TRY IT
Return the following from the records below: each line, word for word, starting with the line that contains "Add fried onion,boiled" and going on through the line that contains "(2)80后、90后和00后", with nothing outside that range.
GIVEN RECORDS section start
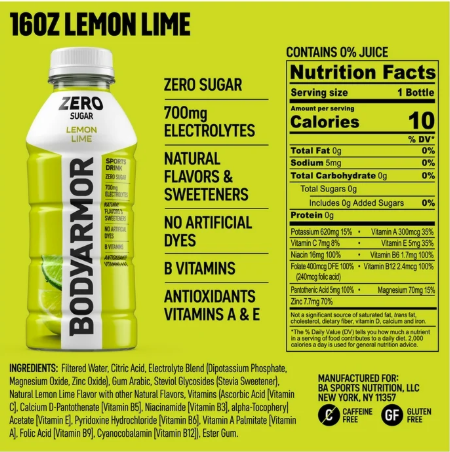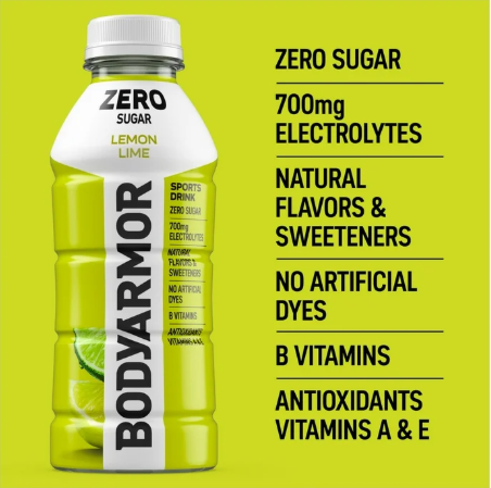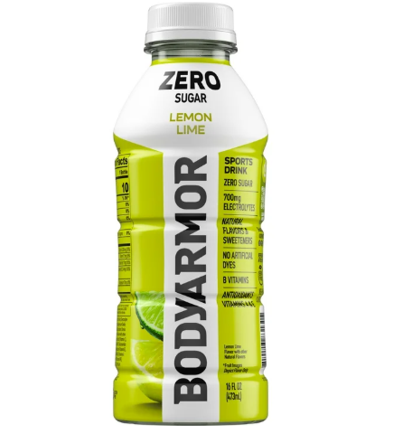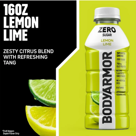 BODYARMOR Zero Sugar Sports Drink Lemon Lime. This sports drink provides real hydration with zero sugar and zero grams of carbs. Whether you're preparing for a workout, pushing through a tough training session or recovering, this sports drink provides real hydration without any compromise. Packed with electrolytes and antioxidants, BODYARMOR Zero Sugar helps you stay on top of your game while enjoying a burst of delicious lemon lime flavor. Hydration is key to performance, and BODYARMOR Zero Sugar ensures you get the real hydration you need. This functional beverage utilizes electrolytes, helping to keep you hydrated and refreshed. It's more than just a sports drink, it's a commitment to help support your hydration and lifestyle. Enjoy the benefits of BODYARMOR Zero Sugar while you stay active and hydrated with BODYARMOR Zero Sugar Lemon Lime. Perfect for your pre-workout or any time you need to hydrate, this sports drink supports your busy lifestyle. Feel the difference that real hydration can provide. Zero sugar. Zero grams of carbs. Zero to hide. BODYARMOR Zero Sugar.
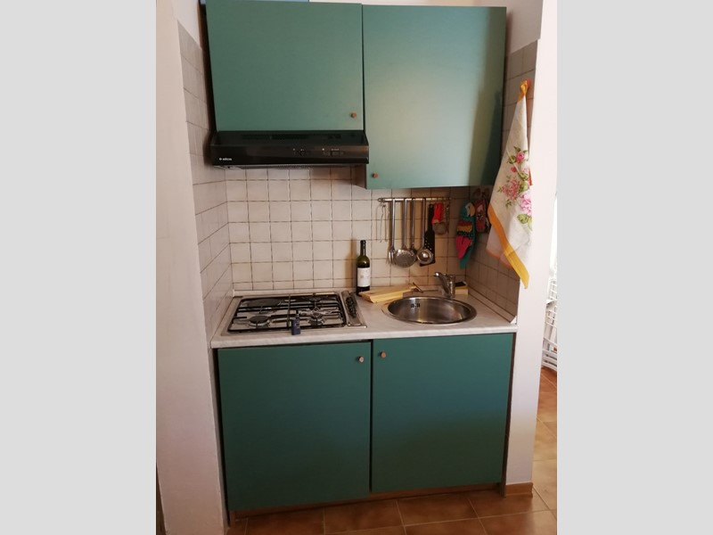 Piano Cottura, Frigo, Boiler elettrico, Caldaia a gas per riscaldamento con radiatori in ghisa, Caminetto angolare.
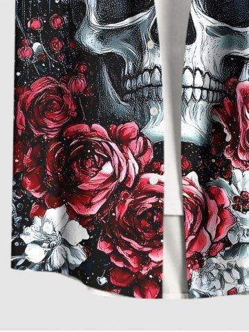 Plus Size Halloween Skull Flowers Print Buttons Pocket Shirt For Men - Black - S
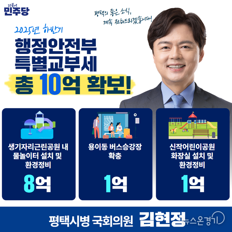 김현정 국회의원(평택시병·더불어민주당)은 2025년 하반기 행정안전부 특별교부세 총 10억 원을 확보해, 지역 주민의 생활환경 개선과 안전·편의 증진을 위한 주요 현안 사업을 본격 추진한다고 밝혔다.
GIVEN RECORDS section end
GIVEN RECORDS section start
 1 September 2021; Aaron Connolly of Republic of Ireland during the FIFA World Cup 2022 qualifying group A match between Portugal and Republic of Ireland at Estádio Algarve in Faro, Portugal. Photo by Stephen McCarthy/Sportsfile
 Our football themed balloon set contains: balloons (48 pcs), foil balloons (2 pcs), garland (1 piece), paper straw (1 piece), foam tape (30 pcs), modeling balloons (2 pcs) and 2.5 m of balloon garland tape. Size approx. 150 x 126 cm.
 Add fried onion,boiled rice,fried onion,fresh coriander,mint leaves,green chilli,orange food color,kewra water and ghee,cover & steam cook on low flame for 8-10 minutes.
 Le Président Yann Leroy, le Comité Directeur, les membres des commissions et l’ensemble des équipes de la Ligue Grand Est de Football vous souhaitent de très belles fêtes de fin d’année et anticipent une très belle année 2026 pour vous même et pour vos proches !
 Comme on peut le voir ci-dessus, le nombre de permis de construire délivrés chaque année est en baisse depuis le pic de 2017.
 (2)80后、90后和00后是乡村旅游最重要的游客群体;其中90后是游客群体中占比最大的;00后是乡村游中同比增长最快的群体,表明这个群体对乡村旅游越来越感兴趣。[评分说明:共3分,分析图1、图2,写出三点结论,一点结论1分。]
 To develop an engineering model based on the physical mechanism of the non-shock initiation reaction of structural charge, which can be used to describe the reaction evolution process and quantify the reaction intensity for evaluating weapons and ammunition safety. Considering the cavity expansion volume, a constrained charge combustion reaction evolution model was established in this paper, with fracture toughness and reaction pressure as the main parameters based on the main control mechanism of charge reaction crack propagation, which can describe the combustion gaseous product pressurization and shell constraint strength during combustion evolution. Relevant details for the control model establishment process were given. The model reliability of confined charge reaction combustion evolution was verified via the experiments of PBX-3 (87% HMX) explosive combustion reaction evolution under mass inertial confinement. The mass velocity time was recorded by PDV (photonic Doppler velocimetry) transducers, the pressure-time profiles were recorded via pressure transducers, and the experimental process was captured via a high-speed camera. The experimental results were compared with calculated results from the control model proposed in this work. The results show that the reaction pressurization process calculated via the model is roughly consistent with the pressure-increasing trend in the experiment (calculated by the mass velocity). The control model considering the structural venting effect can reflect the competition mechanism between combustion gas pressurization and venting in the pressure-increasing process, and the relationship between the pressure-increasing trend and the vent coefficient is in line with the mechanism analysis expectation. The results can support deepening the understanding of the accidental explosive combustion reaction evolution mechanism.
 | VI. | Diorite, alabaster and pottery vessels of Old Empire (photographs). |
GIVEN RECORDS section end
ANSWER FOR THIS EXERCISE
 Add fried onion,boiled rice,fried onion,fresh coriander,mint leaves,green chilli,orange food color,kewra water and ghee,cover & steam cook on low flame for 8-10 minutes.
 Le Président Yann Leroy, le Comité Directeur, les membres des commissions et l’ensemble des équipes de la Ligue Grand Est de Football vous souhaitent de très belles fêtes de fin d’année et anticipent une très belle année 2026 pour vous même et pour vos proches !
 Comme on peut le voir ci-dessus, le nombre de permis de construire délivrés chaque année est en baisse depuis le pic de 2017.
 (2)80后、90后和00后是乡村旅游最重要的游客群体;其中90后是游客群体中占比最大的;00后是乡村游中同比增长最快的群体,表明这个群体对乡村旅游越来越感兴趣。[评分说明:共3分,分析图1、图2,写出三点结论,一点结论1分。]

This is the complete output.